§ **WHAT IS NEEDED**
Below this line is a set of entries; quote exactly the lines from the line that contains "- Integrated AirTag" to the line that contains "新月直前の月と金星 (視野円10度) |", both lines included.

§ **MATERIAL PROVIDED**
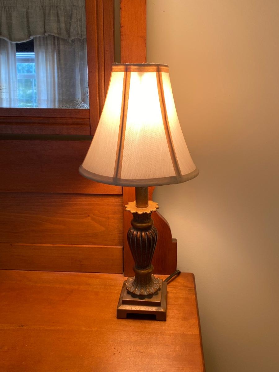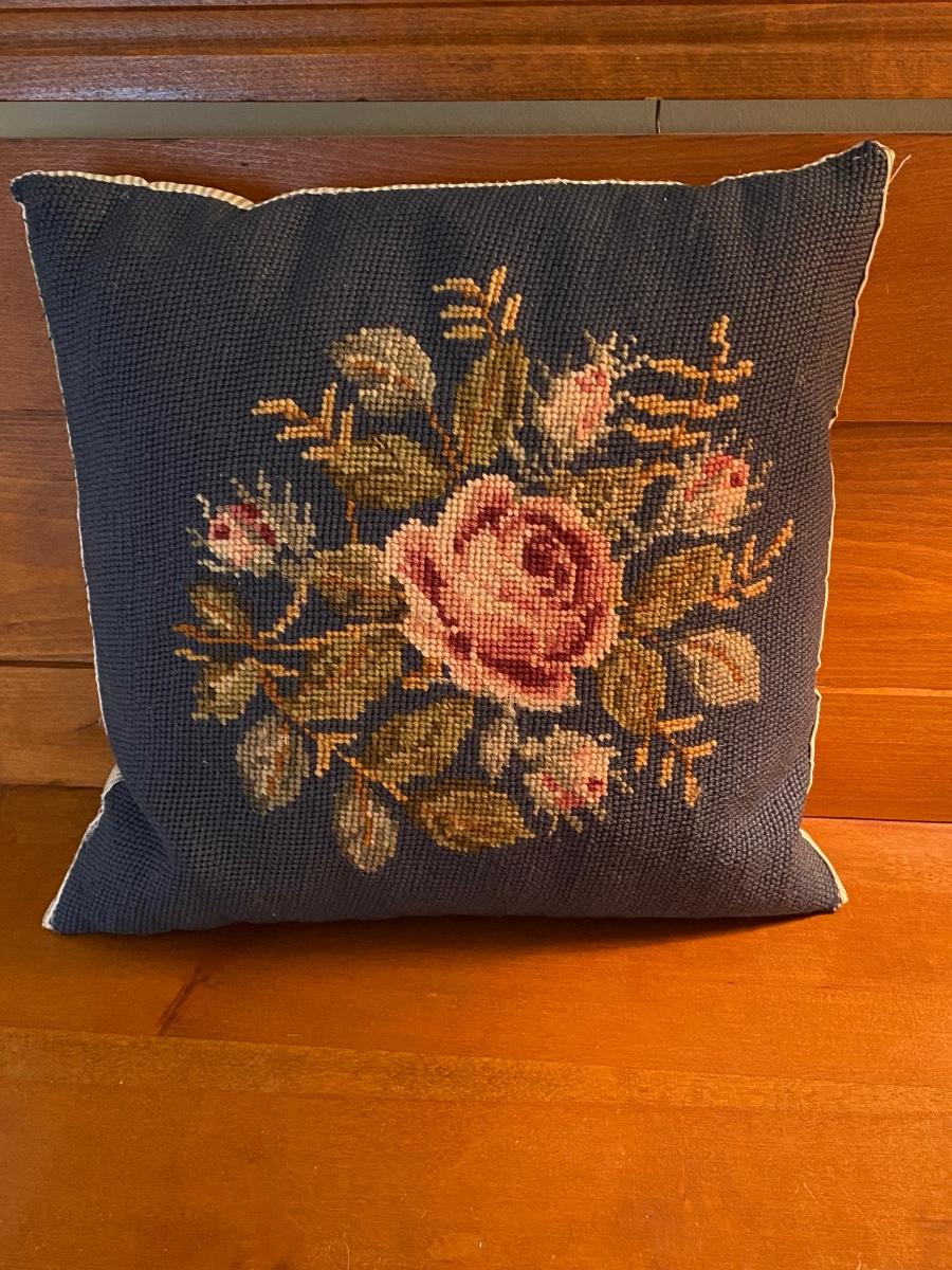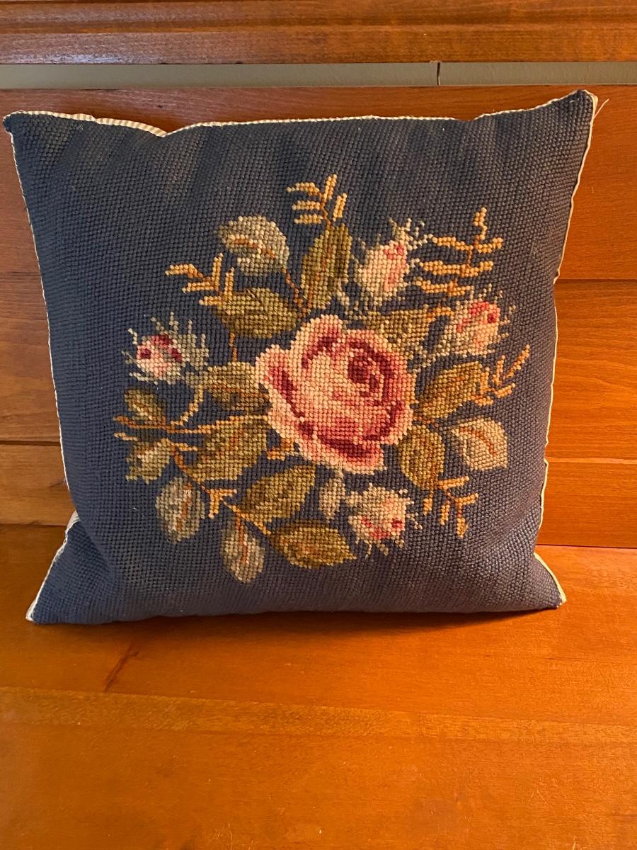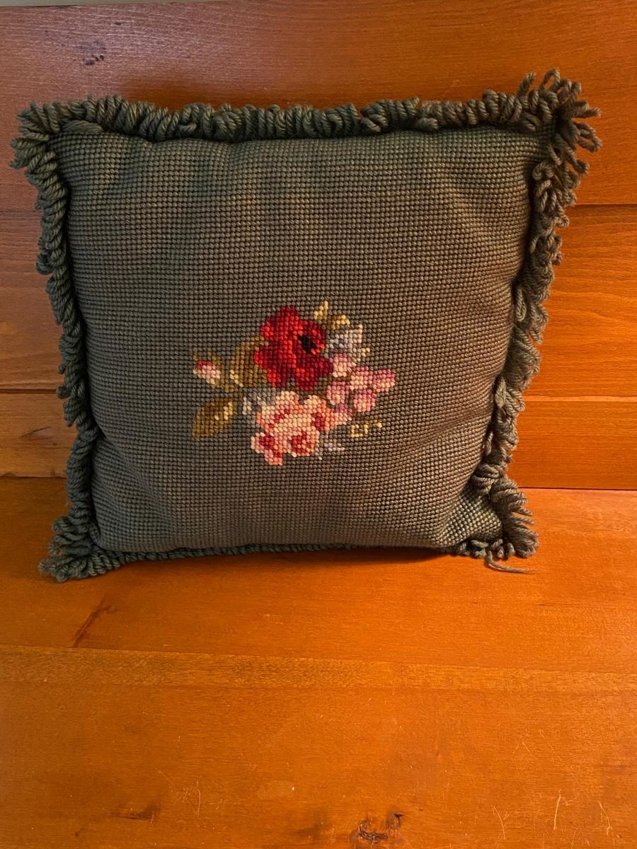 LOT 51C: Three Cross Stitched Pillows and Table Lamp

...

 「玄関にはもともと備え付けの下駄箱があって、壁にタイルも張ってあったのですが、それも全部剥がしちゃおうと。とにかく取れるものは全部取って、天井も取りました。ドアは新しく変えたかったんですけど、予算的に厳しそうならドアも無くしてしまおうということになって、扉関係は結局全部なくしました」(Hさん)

...

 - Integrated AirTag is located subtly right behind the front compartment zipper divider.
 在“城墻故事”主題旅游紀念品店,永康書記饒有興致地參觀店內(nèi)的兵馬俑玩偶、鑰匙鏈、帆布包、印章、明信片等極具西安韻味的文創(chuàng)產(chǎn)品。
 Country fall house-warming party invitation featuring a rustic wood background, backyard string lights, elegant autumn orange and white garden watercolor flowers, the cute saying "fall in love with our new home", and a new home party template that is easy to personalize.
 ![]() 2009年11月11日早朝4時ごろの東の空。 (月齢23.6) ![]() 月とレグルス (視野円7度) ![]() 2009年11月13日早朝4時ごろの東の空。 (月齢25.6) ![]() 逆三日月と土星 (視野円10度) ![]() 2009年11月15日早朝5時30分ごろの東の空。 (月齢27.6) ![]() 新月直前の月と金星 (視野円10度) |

§ **WRITTEN REPLY**
 - Integrated AirTag is located subtly right behind the front compartment zipper divider.
 在“城墻故事”主題旅游紀念品店,永康書記饒有興致地參觀店內(nèi)的兵馬俑玩偶、鑰匙鏈、帆布包、印章、明信片等極具西安韻味的文創(chuàng)產(chǎn)品。
 Country fall house-warming party invitation featuring a rustic wood background, backyard string lights, elegant autumn orange and white garden watercolor flowers, the cute saying "fall in love with our new home", and a new home party template that is easy to personalize.
 ![]() 2009年11月11日早朝4時ごろの東の空。 (月齢23.6) ![]() 月とレグルス (視野円7度) ![]() 2009年11月13日早朝4時ごろの東の空。 (月齢25.6) ![]() 逆三日月と土星 (視野円10度) ![]() 2009年11月15日早朝5時30分ごろの東の空。 (月齢27.6) ![]() 新月直前の月と金星 (視野円10度) |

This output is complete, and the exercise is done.